Researching Search Engine Results and How People Use Them for Research

Jan 3, 2006 - 1:44 pm 0 by

I'm meddling in Bill Slawski's territory here, in that he's better known for presenting and analyzing papers on search engine technology. However, I caught this one and since it uses usability testing scenerios in the research, I gave it a shot.

The paper is Using meaningful and stable categories to support exploratory web search: Two formative studies by Bill Kules and Ben Shneiderman, of the Department of Computer Science, Human-Computer Interaction Laboratory and Institute for Advanced Computer Studies, University of Maryland.

The purpose of the study is to better understand how people use search engines to research topics - specifically, how categorization of search results applies to the end user experience.

"Categorizing web search results into comprehensible visual displays using meaningful and stable classifications can support user exploration, understanding, and discovery. We report on two formative studies in the domain of U.S. government web search that investigated how searchers use categorized overviews of search results for complex, exploratory search tasks."

They ran test subjects through a variety of tasks. Here is one example.
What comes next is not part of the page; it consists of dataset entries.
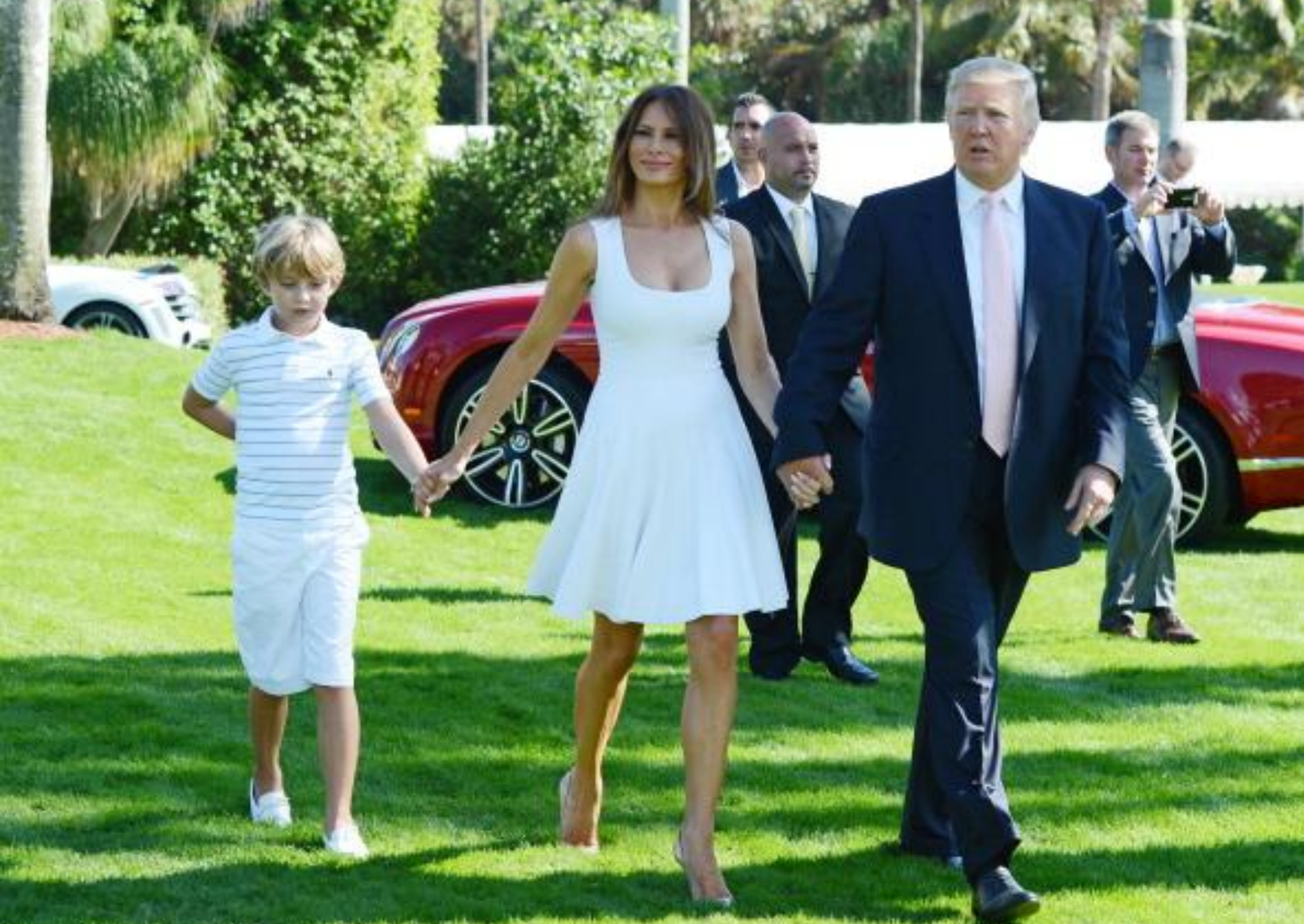
At an event at Mar-A-Lago in Florida. January 6, 2016
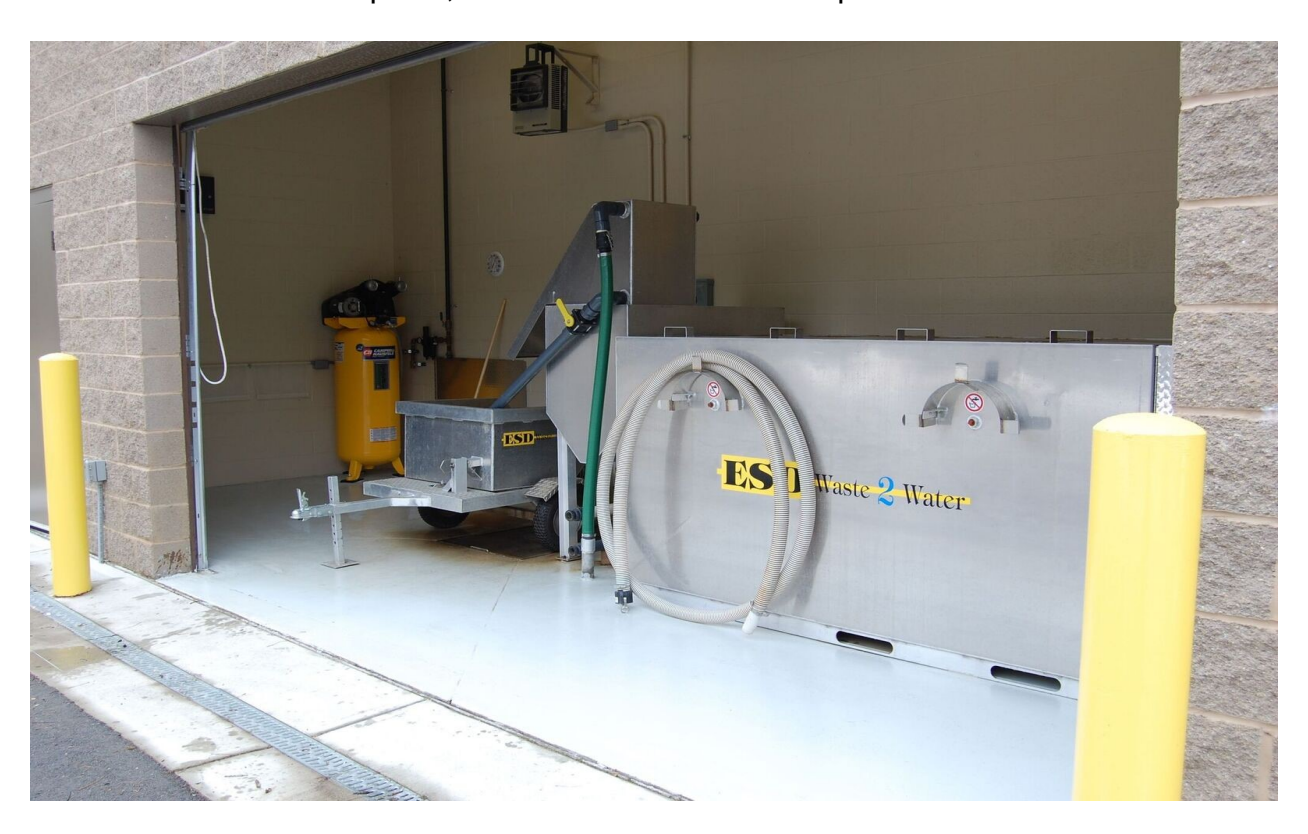
Figure 33. Wash equipment over a concrete or asphalt pad that allows the water to be collected.
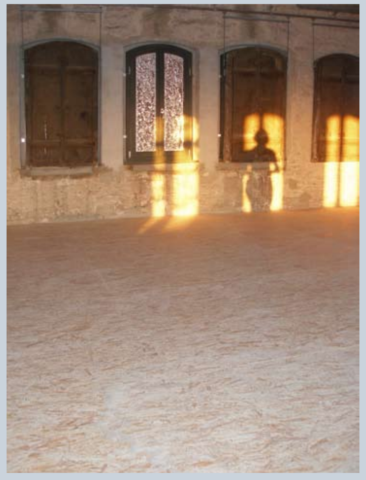
"Moon night at the Observatory", space-installation / detail

July 2008 "Oder-Odra VII": German-Polish workshop and exhibition at ,Kunstbauwerk Vierraden'
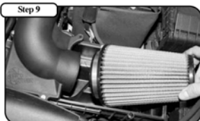
Install the aFe air filter onto the aFe intake tube.
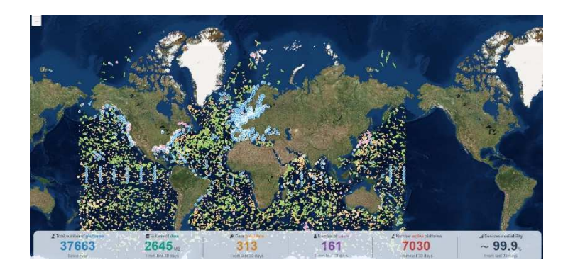
Figure 1: Dashboard of the INSTAC service <u>http://www.marineinsitu.eu</u> 30 days of data coverage

The INSTAC is a distributed centre with a global component closely link the JCOMM networks and 6 regional components developed in partnership with the EuroGOOS ROOSes (Regional Operational Oceanographic Systems).
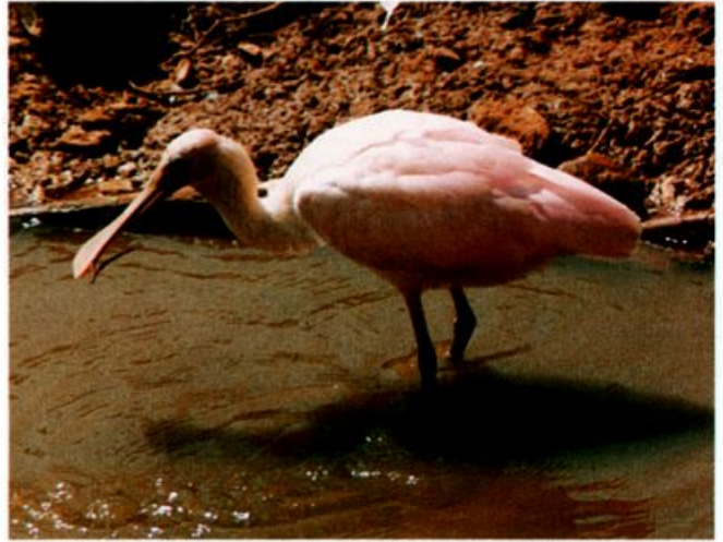
Immature Roseate Spoonbill at Oklahoma City, Okla., July 25, 1987.

"Scenario 2 (Breast cancer) - You are a 30-year old journalist writing an article on breast cancer and what the federal government is doing about it. You are exploring the topic, starting by looking on the Web to find out what kind of information is available. You have just entered the search terms "breast cancer".
For each test scenerio, three tasks were applied. An example:

"The web contains a variety of sources, perspectives and viewpoints on almost any given topic, and this is true within the federal government. Find 3 web pages providing different aspects of or perspectives on this topic. (Time limit: 3-4 minutes)"

They rated search results, including things like understandability, helpful or unhelpful, and frustrating or satisfying.

If you visit the paper, scan to section 3.7.5. Observations and participant comments to read the results. An example:

"A few participants would scan down one or two pages, and then scan up from the bottom, stating that they expected the lower-ranked results would produce different perspectives. Most participants scanned either the title only or title and snippet. Very few of these participants appeared to use the department/agency name."

It's juicy stuff for search engines, and also for web site optimizers who are curious about how search results factor into conversions, traffic and rank.